The list is not exhaustive and you can find many more resources on the web that can help you start learning the basics of Python. You can also find many YouTube channels that have Python tutorials for beginners.

Once you are familiar with the syntax and other basics of programming, you can continue learning the intermediate and advanced levels of Python. Although to be good at data science, I recommend you to complete at least the intermediate level, so you can be familiar with Data Structures and File Systems in Python.

Let’s move on to the next step.

Data Science is the skill of analyzing the data and drawing useful and actionable insights. For that, you must have knowledge of basic Statistics and Mathematics. Now I’m not asking you to be a great statistician, but you should know the basics to understand important things like distribution of data and the working of algorithms. Having said that let’s see what you need to learn.

First of all, go through your high school statistics so you can touch base again. For that, I recommend Khan Academy’s series of High School Stats (optional if you are thorough and comfortable with it).

After brushing up your high school concepts, You can start reading any of the following books:

- An Introduction to Statistical Learning (with R) (highly recommended)
- Think Stats (with Python)

The above links will directly take you to the respective pdf versions of these books. You can also purchase the physical copies as per your convenience. After having read one of these books, you will also get familiar with the fundamentals of Data Analysis which will help you in the next step.

Having said that let’s move on to our first attempt at data analysis.

This is where it gets interesting. Now that you know the basics of Python programming and the required Statistics, its time to finally get your hands dirty.

If you want to learn without paying anything, just make an account on Udacity and sign up for their free course — Intro to Data Analysis. This course will introduce you to the useful Python libraries such as **Pandas **and **Numpy**, that are needed for Data Analysis. You can learn at your own pace and easily finish the course in a few weeks.

There are many other courses on Udacity for you to explore. You can also find Nanodegree programs offered by Udacity, for which you generally have to pay. If you are comfortable paying for learning, there are many good platforms such as Coursera, Dataquest, Datacamp, etc.

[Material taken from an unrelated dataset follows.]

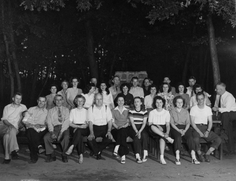 This image is of a Forest Products Laboratory gathering. Fern Diebold is in the front row, fourth from the left. I believe Stanley Skidmore is next to him. Sylvester Diebold is standing in the back row, fourth from the right.

By the end of this step, you should be familiar with some important libraries of Python and data structures like **Series**, **Arrays**, and **DataFrames**. You should also be able to perform tasks like data wrangling, drawing conclusions, vectorized operations, grouping data, and combining data from multiple files.

Although you are now ready for the next step, there is still one thing left to be learned before moving on. The final key to bridging the gap between Analytics and Machine Learning — **Data Visualization**.

Data Visualization is an important part of Data Analytics as it helps you draw conclusions and visualize patterns in the data. Therefore it is imperative to learn how to visualize data. The best and the simplest way to do so is to go through Kaggle’s course of Data Visualization. After this, you will be familiar with an important Python library — **Seaborn.**

Great! You have come more than halfway to learning Data Science. Let’s move on to the next step which is Machine Learning.

Machine Learning, as the name suggests is the process with which machine (computer) learns itself. It is the study of computer algorithms that improve automatically through experience. You build models mostly using predefined algorithms depending upon the kind of data and business problem you are facing. These models train themselves on a given data and are then used to draw conclusions on new data.

The simplest way to go about learning Machine Learning would be to go through the following courses on Kaggle in the given order:

- Intro to Machine Learning
- Intermediate Machine Learning
- Feature Engineering (to improve your models)

Although there are many other ways to learn Machine Learning, I have mentioned the easiest one for which you don’t have to pay. If money is not the constraint for you, you can explore various courses on DataCamp, Coursera, Udacity, and other related platforms.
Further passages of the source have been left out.